• Ian Makes landfall in Cuba with category 3 and with winds of 185 kilometers per hour

  • Fiona The hurricane strengthens and moves towards Bermuda

  • Earl Hurricane upgraded to Category 2

  • Danielle The remains of the hurricane leave strong storms in a dozen autonomies in Spain

The powerful hurricane Ian crossed western Cuba since early Tuesday morning and left the country in the dark with a

widespread blackout by damaging its electrical service network, in

addition to destroying trees and causing other damage, before continuing towards Florida.

"There is no electricity service in any area of ​​the country at the moment," Lázaro Guerra, technical director of the state-owned Electric Union, said Tuesday night in statements to Cuban television's primetime news program.

When the winds of the cyclone and the swells were still being felt hitting the coast, people on the street were walking

using the light from their phones

, while in some homes they were lighting themselves with candles or rechargeable battery lamps.

The Ministry of Energy and Mines indicated on its side that it is an "exceptional condition", whose solution "requires great precision", and that the electrical service

will be gradually restored

during the early hours of Wednesday in this Caribbean country of

11.2 million inhabitants.

Only the few people who have gasoline-powered generators in their homes or offices have electricity.

The category 3 hurricane, which made landfall at dawn in the province of Pinar del Río, western Cuba, on Tuesday afternoon was 375 kilometers from Sarasota, Florida, and was advancing with

sustained winds of 195 kilometers per hour

at a speed of 17 kilometers per hour.

The National Hurricane Center (NHC) of the United States forecast that

"Ian will approach the west coast of Florida

as an extremely dangerous intense hurricane."

After leaving the island, in several western provinces, including Havana, the wind and rain continued, with a peripheral band of 600 kilometers.

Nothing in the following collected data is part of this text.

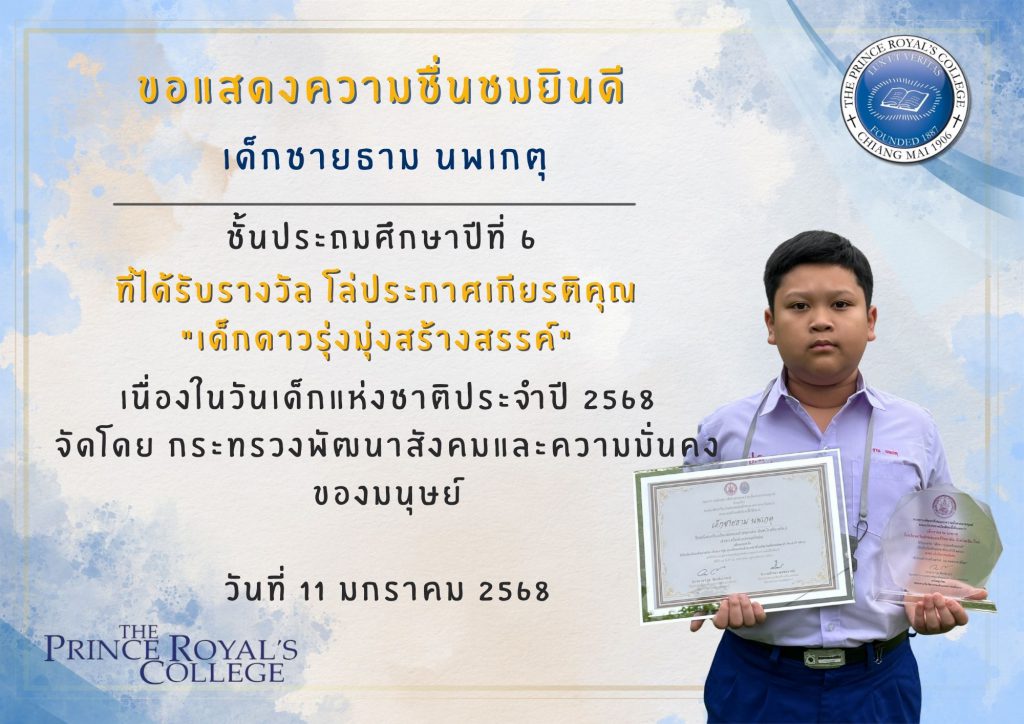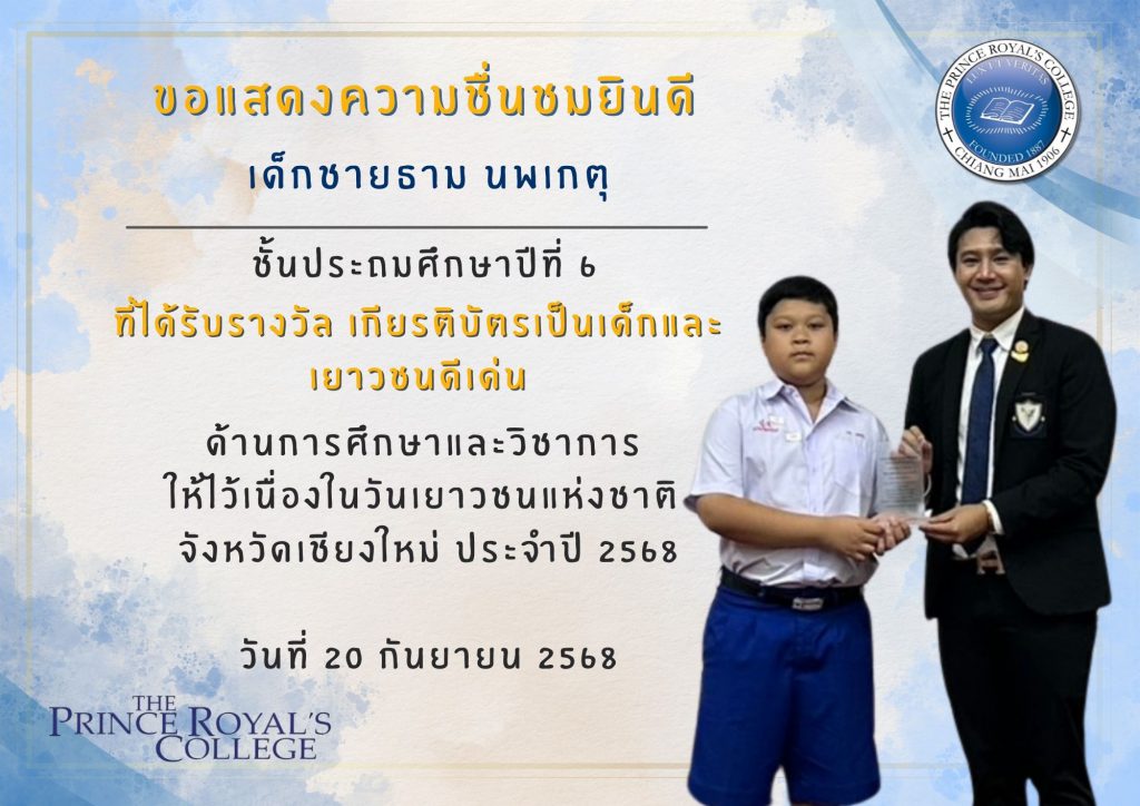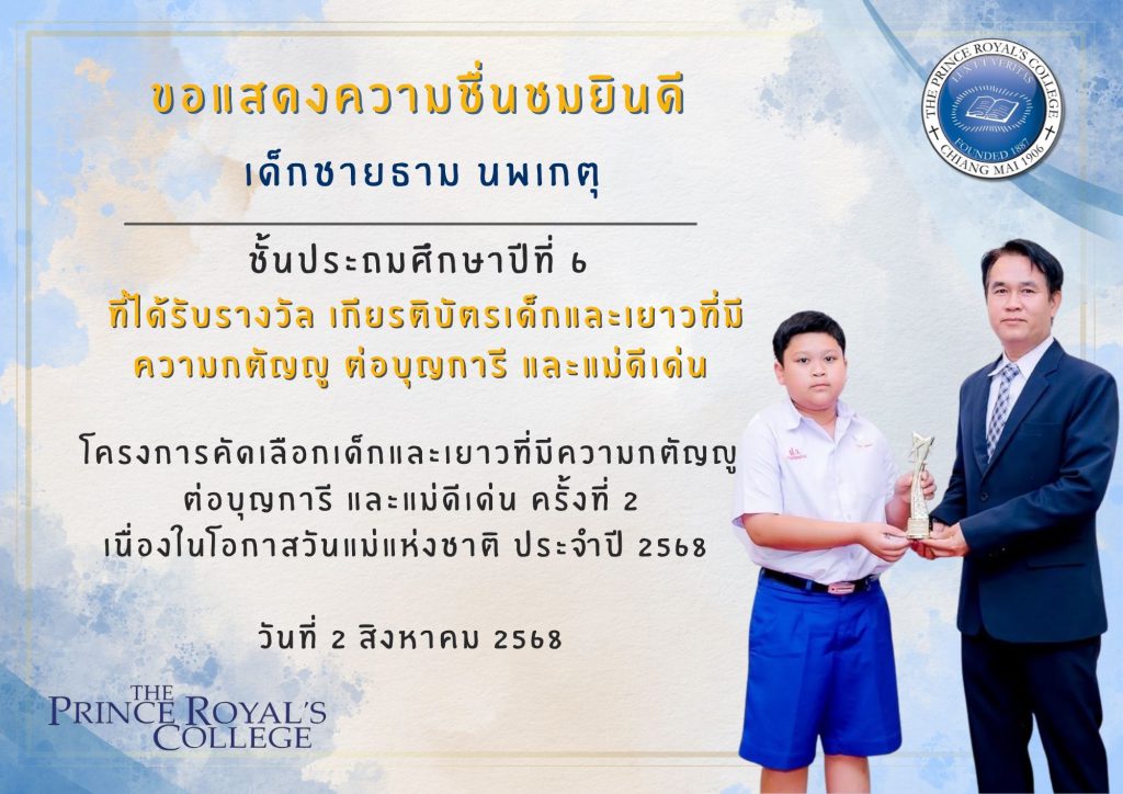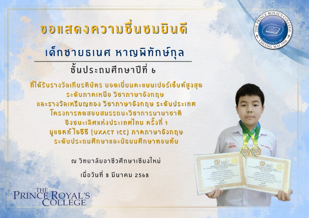 เด็กชายธเนศ หาญพิทักษ์กุล รางวัลเกียรติบัตร ยอดเยี่ยมคะแนนเปอร์เซ็นต์สูงสุดระดับภาคเหนือ วิชาภาษาอังกฤษ และรางวัลเหรียญทอง วิชาภาษาอังกฤษ ระดับประเทศ โครงการทดสอบสมรรถนะวิชาการนานาชาติ ชิงชนะเลิศแห่งประเทศไทย ครั้งที่ 1
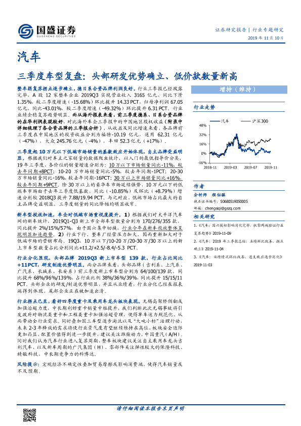 【国盛证券】【20191110】汽车:三季度车型复盘:头部研发优势确立、低价款数量新高-13页
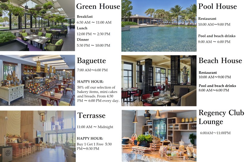 - 6つのお食事処 全宿泊者様が利用できるレストラン、バー、パン屋は合わせて5つ用意されています。 Green House、Pool House、Beach House、Terrasse、Baguetteになります。 メインがGreen Houseレストランで、こちらで朝食ビュッフェが行われます。ベトナム料理のフォーからフレッシュフルーツジュース、自家製パンが人気です。 もう一つは特定のお客様が利用できるクラブルーム。該当のお客様はこちらでご朝食を頂けます。(詳細は以下に記載) ルームサービスも行われているので、もしホテルから出ない場合でも食事に困ることはありません。
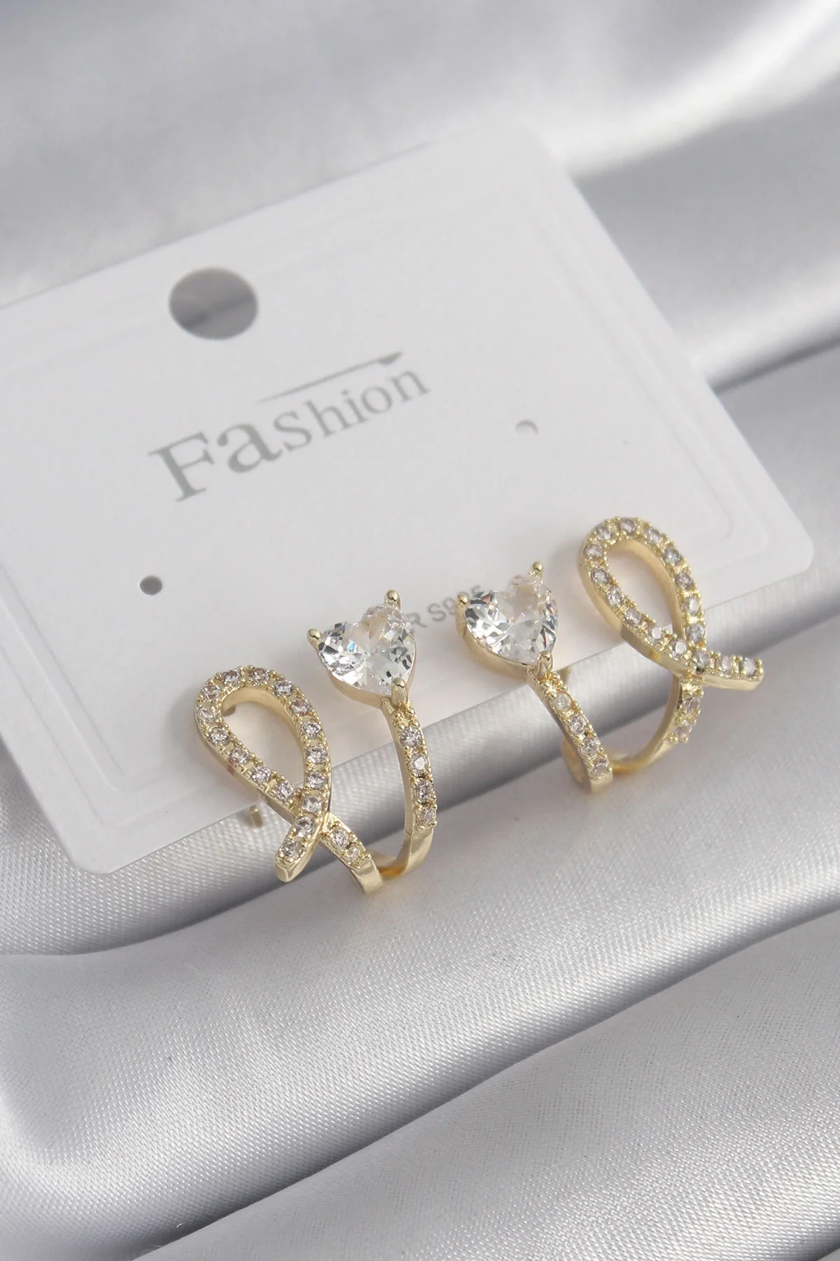 Pirinç Gümüş Renk Zirkon Taşlı Kalp Model Kadın Küpe

On the way to San Juan y Martínez, 190 km from Havana, one of the hardest hit places and an area of ​​tobacco plantations in Pinar del Río,

flooded crops, uprooted trees and cables thrown

everywhere were seen, Afp journalists confirmed. .

In the town of Consolación del Sur, Caridad Fernández, a 65-year-old housewife, contemplated the disaster on the threshold of her flooded home, with wet mattresses.

The French roof tiles went with the hurricane.

"We have everything damaged, but what we have is faith in maintaining life, and we have that. Everything comes out, except death," said the woman with bags under her eyes after a long night.

"Apocalyptic"

Cigar maker Yuslán Rodríguez, 37, toured nine nearly destroyed tobacco houses, including his own.

"I don't know what we are going to do this year with the (seed) campaign," he said disconsolately.

"It's not this tobacco house, it's

all the tobacco houses in Consolación del Sur"

.

In San Juan y Martínez, the area that produces the best tobacco leaf for Cuban cigars, "it was apocalyptic, a real disaster," Hirochi Robaina, of Finca Robaina, a prestigious tobacco plantation founded in 1845, said on Facebook. about 30 kilometers from the town.

Roofs and windows were blown out, buildings collapsed and rubble scattered on the ground.

The photos published by Robaina show the violence of the hurricane.

President Miguel Díaz-Canel toured the most affected area in Pinar del Río on Tuesday.

"The damage is great," he said on his Twitter, assuring that help is being sent.

"We trust in the people of Pinar del Río, a noble, hard-working people with a lot of experience in these situations. Rest assured that we are going to recover," he said.

Some 40,000 people were evacuated in Pinar del Río

until dawn, reported the first secretary of the ruling Communist Party in the province, Yamilé Ramos.

In the capital it was reported that 4,000 people would be evacuated.

Tree branches blocked streets, while winds blew away tin roofs and road signs.

Etecsa, the state telephone company, reported serious damage to towers and poles and that cell phone and internet service was affected in the capital, as well as in Pinar del Río and Artemisa.

Heavy rain and wind

Residents in the US state of Florida are also bracing for Ian's imminent arrival, after Governor Ron DeSantis declared a state of emergency in 67 counties on Monday.

"During the night and this morning, some models that have been made

project a landfall in southern Tampa Bay

," the governor said at a press conference on Tuesday, specifying that it could make landfall in Sarasota.

"You have to understand that the impacts will be much broader" with "catastrophic flooding and life-threatening storm surges," he said.

In Tampa, employees handed out free sandbags to protect property from the water.

Amanda Harrison waited hours to get the sandbags.

"My hope is that I can get the maximum number of bags. And my fear is that they won't do any good," she said in Tampa, the 66-year-old woman.

The US president, Joe Biden, also ordered a

state of emergency in Florida

, which allows the release of federal aid funds.